Data from 509 cancer patients were analyzed. The average age of participants was 60.6 years (SD=11.8), 49.8% were male, 85.5% White, 74.9% were married, and 85% had at least some college. Cancer diagnoses for this sample include 27.9% breast, 18.2% colon or rectum, 15.7% prostate, and 10.4% lung. Sixty-six percent of patients reported lymph node involvement. Average time since diagnosis was 56.9 months (range: 1–373). The majority of participants reported normal activities without (58.9%) or with (31.2%) symptoms. In terms of treatment during the past month, 59.8% of the respondents had not received any treatment for their cancer in the past month, 20.1% received chemotherapy alone (15.6%) or combined with other treatment (4.52%), and 9.7% received hormonal therapy (e.g., Tamoxifen, Arimidex, Aromasin, Lupron). The majority of the sample reported no problems in walking about (82.1%), with self-care (97.5%), or with performing usual activities (71.2%). Approximately half reported no pain or discomfort (54.7%) and most denied feeling anxious or depressed (69.0%).

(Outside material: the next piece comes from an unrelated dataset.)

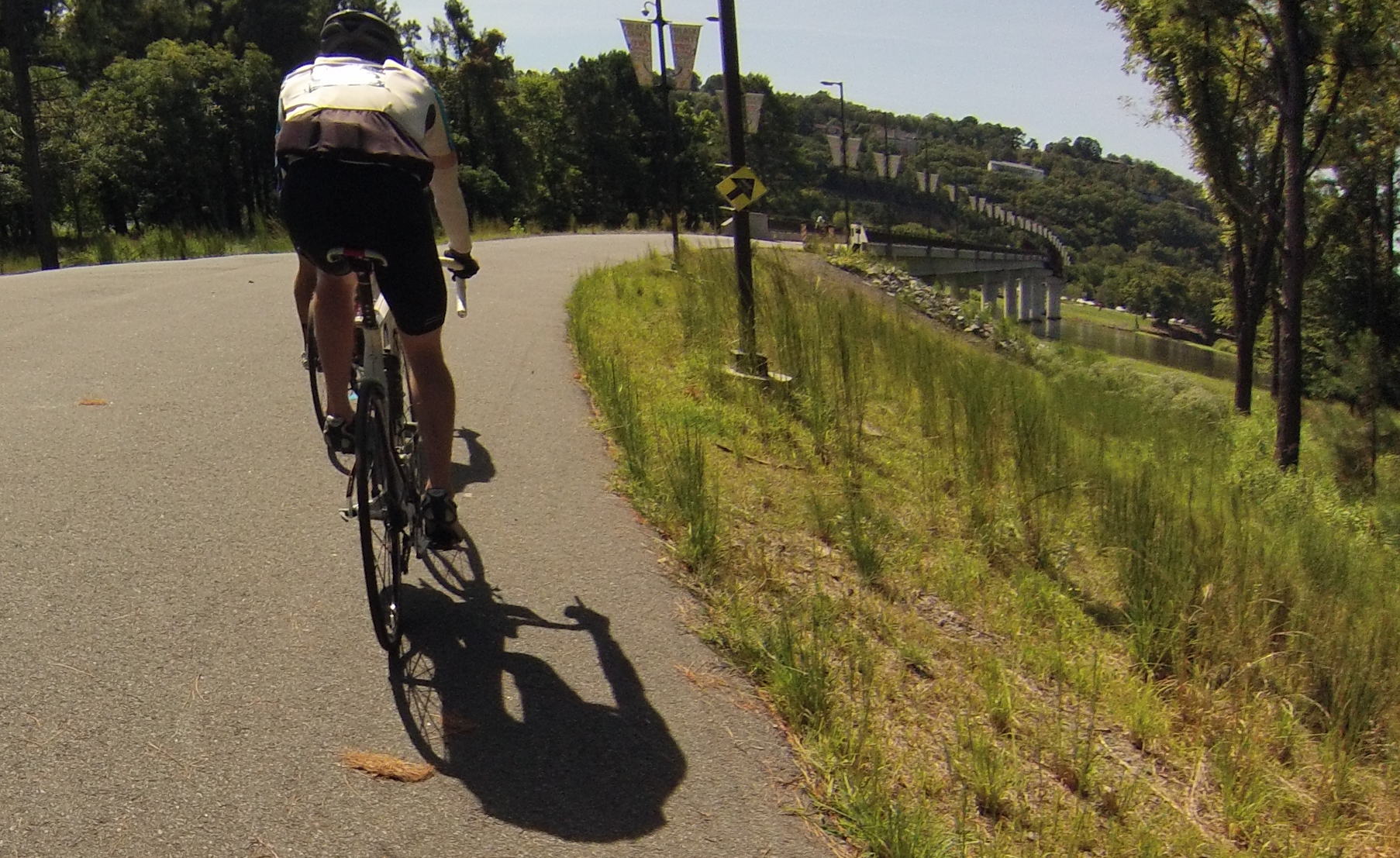 Riding up onto the second, longer pedestrian bridge spanning the Arkansas River:

Evaluation of Unidimensionality

A series of factor analyses were conducted with Concerns and Abilities being analyzed separately. Items with low R-square (<0.3) and/or high residual correlations (>0.2) were reviewed and discussed by the study team to determine their inclusion/exclusion based on item content. As a result, the Concerns and Abilities item banks consisted of 34 and 33 items, respectively, with borderline acceptable fit indices: CFI=0.92 and 0.94, RMSEA=0.084 and 0.113 for Concerns and Abilities, respectively. These items were calibrated using GRM model and formed the PROMIS Cognitive Function item banks version 1 (formerly, Applied Cognition). Only these 67 items retained in version 1 were analyzed in this study.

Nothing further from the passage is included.